- _Exercise objective_
Look through the records that follow. Copy every line containing the word "Most".

- _Available records_
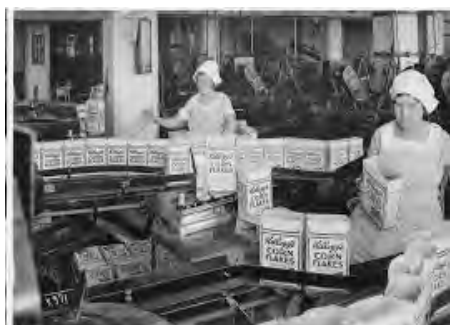
Do you see the boxes of Kellogg's corn flakes they're making? The article says that Dr. Kellogg invented both corn flakes, and peanut butter.
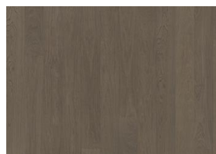
Faded Black Wide
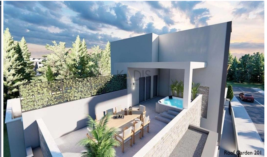
Roof Garden 201
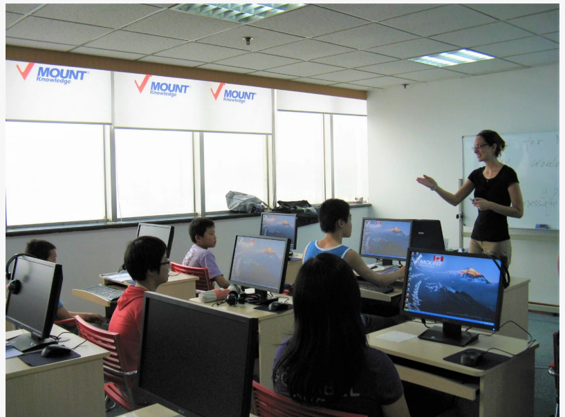
Knowledge Generator being used in classrooms.
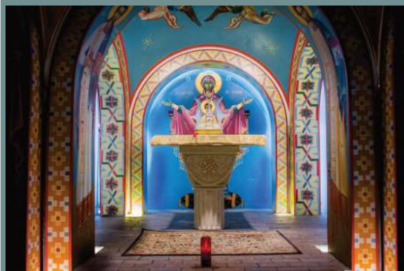
Paraklesis Services are held in the St. Photios Chapel on the 3rd Monday of the month at 12:30 p.m.

There are many sacred sites in our Greek Orthodox Archdiocese of America. A visit to the cathedrals and churches, shrines and monasteries is an edifying experience for the worshipping pilgrim. Upon arriving at one of these sites, an Orthodox Christian enters the narthex, offers gratitude to God with the sign of the Cross, makes an offering, and lights a candle. At that moment, as the candle pierces the darkness of the world outside, supplicants often focus their prayers to God on behalf of their loved ones.
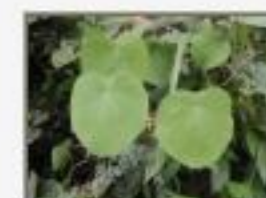
Cis_par5290090.JPG Cissampelos pareira. Menispermaceae.
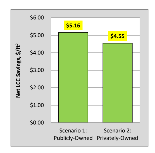
Figure 1. Statewide Weighted Costs and Savings
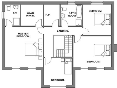
PROPOSED FIRST FLOOR LAYOUT 1/100.
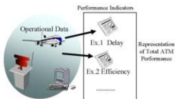
Fig. 7 ATM Performance Measures

Performance in ATM is very important for designing the ATM system since the purpose of ATM is safe and efficient movement of aircraft in the airspace. However, it is not clear what indicators should be used for evaluating the performance of ATM. In Europe, there is a body to look at the performance annually [6]. However, in Japan, the solid mechanism to comprehensively evaluate the performance of ATM is not established yet. The ENRI will start the study program on this subject from Fiscal 2007.
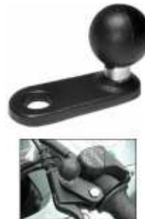
RAM-B-252U RAM .87 X 2.25 WITH 11 MM HOLE & 1" BALL
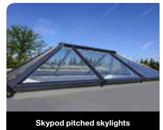
Skypod pitched skylights
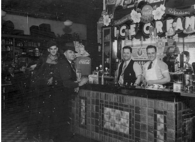
Figure 2. Ingram's Drug Store, photograph ca. 1935.

Many of the commercial buildings on North Main Street were constructed during this period. Most of these buildings are attached to one another in commercial blocks and have no setback from the sidewalks, forming a contiguous commercial corridor that radiates from the courthouse square. Two notable Main Street commercial buildings are the former Ingram's Drug Store
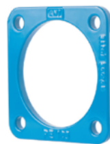
ABR125 ANT DI Backing Ring DN125 PN16
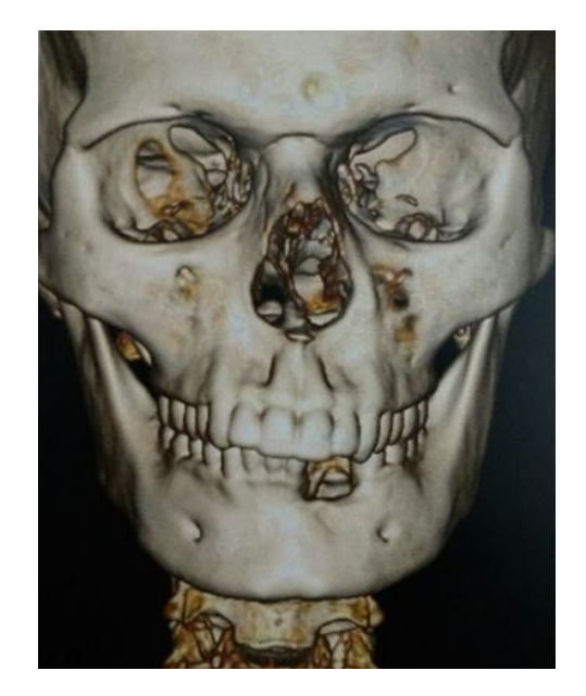
Fig. 2: 3D Reconstruction of computed tomography scan showing bone involvement

Histopathological diagnosis of ameloblastic carcinoma is difficult especially when it arises denovo and it should be differentiated from primary intraosseous squamous cell carcinoma, high grade mucoepidermoid carcinoma and other metastatic carcinomas of jaw. Therefore
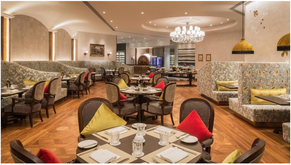
SJM Receives the Most "Grand Awards" in Asia from Wine Spectator again, which are awarded to Robuchon au Dôme and Casa Don Alfonso respectively.
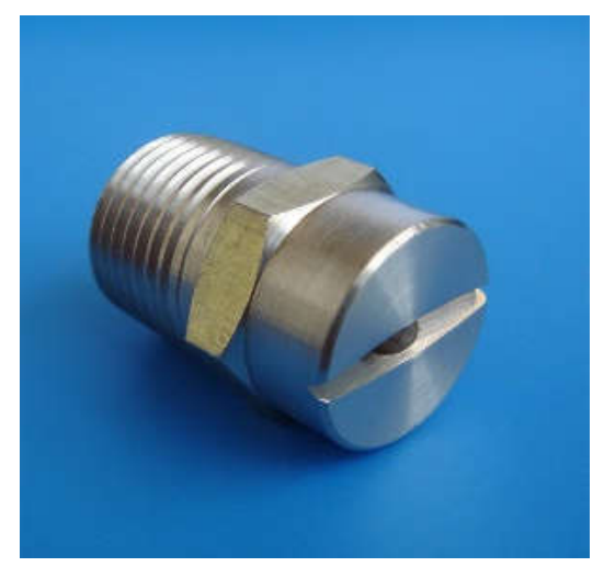
Figure 3. Flat Jet Spray Nozzle

Flat Jet Spray Nozzle: Flat jet spray nozzles are designed for high pressure washing application. Their specially designed inner profile allows for even jet distribution, which results in effective and uniform cleaning action over the surface being processed (John Durkee, 2009). It is ideal for Degreasing and Rinsing in industrial washing machine. Jet spray nozzle is shown in Figure 3.
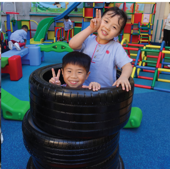
• Positive education emphasises on commitment, engagement and achievement
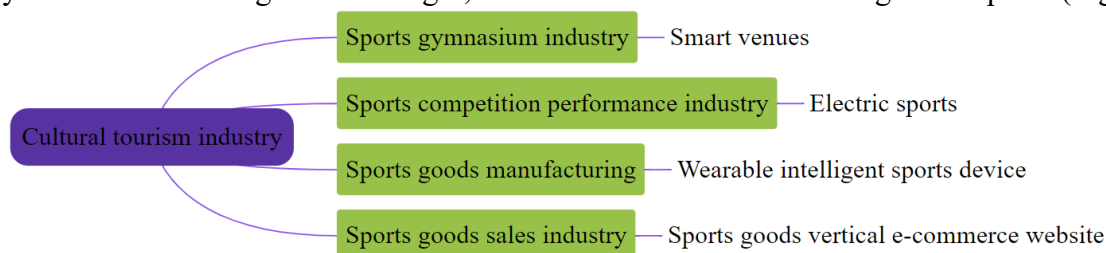
Figure 2 Infiltration and integration with sports tourism industry

The infiltration and integration with sports related industries is generally the infiltration and integration of cultural tourism industry with sports industry, and forms a kind of integrated development mode of sports information format. At present, under the development trend of "internet +" in China, the industrial penetration of network information technology into sports industry will become stronger and stronger, which is shown in the following four aspects (Figure 2).
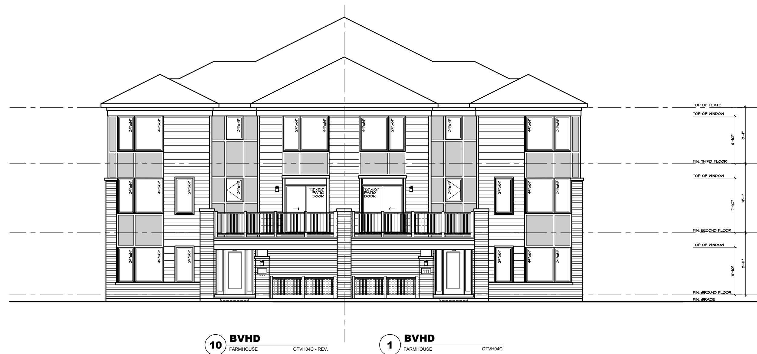
FLANKAGE ELEVATION 'TN'
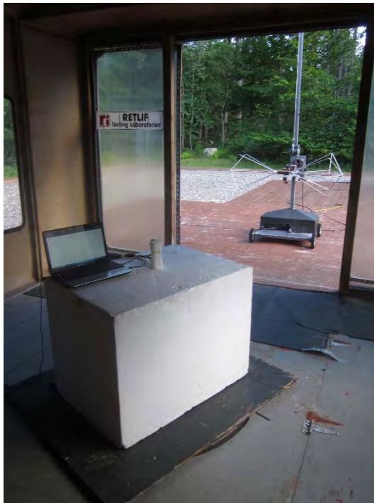
Horizontal Antenna Polarization, 30 MHz to 200 MHz, Biconical Antenna

- _Expected answer_
Many of the commercial buildings on North Main Street were constructed during this period. Most of these buildings are attached to one another in commercial blocks and have no setback from the sidewalks, forming a contiguous commercial corridor that radiates from the courthouse square. Two notable Main Street commercial buildings are the former Ingram's Drug Store
SJM Receives the Most "Grand Awards" in Asia from Wine Spectator again, which are awarded to Robuchon au Dôme and Casa Don Alfonso respectively.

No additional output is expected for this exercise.